Men are cruel, but Man is kind. |
Rabindranath Tagore (1861-1941) was the youngest son
of Debendranath Tagore, a leader of the Brahmo Samaj, which was a new religious
sect in nineteenth-century Bengal and which attempted a revival of the ultimate
monistic basis of Hinduism as laid down in the Upanishads. He was educated at
home; and although at seventeen he was sent to
England for formal schooling, he did not finish his studies
there. In his mature years, in addition to his many-sided literary activities,
he managed the family estates, a project which brought him into close touch
with common humanity and increased his interest in social reforms. He also
started an experimental school at Shantiniketan where he tried his Upanishadic
ideals of education. From time to time he participated in the Indian nationalist
movement, though in his own non-sentimental and visionary way; and Mahatma
Gandhi, the political father of modern India, was his devoted friend. Tagore
was knighted by the ruling British Government in 1915, but within a few years
he resigned the honour as a protest against British policies in India.

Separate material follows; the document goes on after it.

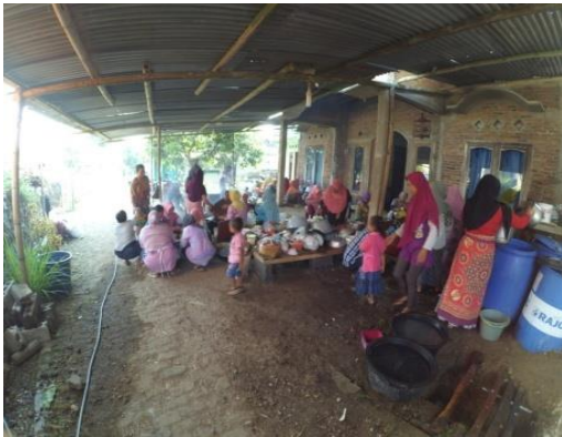
Gambar 3. Proses Masyarakat Mengadakan Persiapan Upacara Sendang

mPlati dan Ki Gambreng warga yang memiliki hajat atau acara harus membentuk panitia acara atau bahasa Jawanya angkroh . Panitia terdiri atas ketua biasanya ketua RT, wakil ketua, perangkat desa, sesepuh desa, juru kunci sendang dan anggota panitia. Panitia mempersiapkan hajat yang akan dilaksanakan oleh tuan rumah sekaligus menyiapkan berbagai makanan yang diberikan juru kunci sendang.

Tagore had early success as a writer in his native Bengal.
With his translations of some of his poems he became rapidly known in the West.
In fact his fame attained a luminous height, taking him across continents on
lecture tours and tours of friendship. For the world he became the voice of
India's spiritual heritage; and for India, especially for Bengal, he became a
great living institution.
Although Tagore wrote successfully in all literary genres,
he was first of all a poet. Among his fifty and odd volumes of poetry are
Manasi (1890) [The Ideal One], Sonar Tari (1894) [The Golden Boat], Gitanjali
(1910) [Song Offerings],
Gitimalya (1914) [Wreath of Songs], and Balaka (1916) [The
Flight of Cranes]. The English renderings of his poetry, which include The
Gardener (1913), Fruit-Gathering (1916), and The Fugitive (1921), do not
generally correspond to
particular volumes in the original Bengali; and in spite of
its title, Gitanjali: Song Offerings (1912), the most
acclaimed of them, contains poems from other works besides
its namesake. Tagore's major plays are Raja (1910) [The King of the Dark
Chamber], Dakghar (1912) [The Post Office], Achalayatan (1912) [The Immovable],
Muktadhara (1922)
[The Waterfall], and Raktakaravi (1926) [Red Oleanders]. He
is the author of several volumes of short stories and a number of novels, among
them Gora (1910), Ghare-Baire (1916) [The Home and the World], and Yogayog
(1929)
[Crosscurrents]. Besides these, he wrote musical dramas,
dance dramas, essays of all types, travel diaries, and two
autobiographies, one in his middle years and the other
shortly before his death in 1941. Tagore also left numerous drawings and
paintings, and songs for which he wrote the music himself.
Rabindranath Tagore died on August 7, 1941.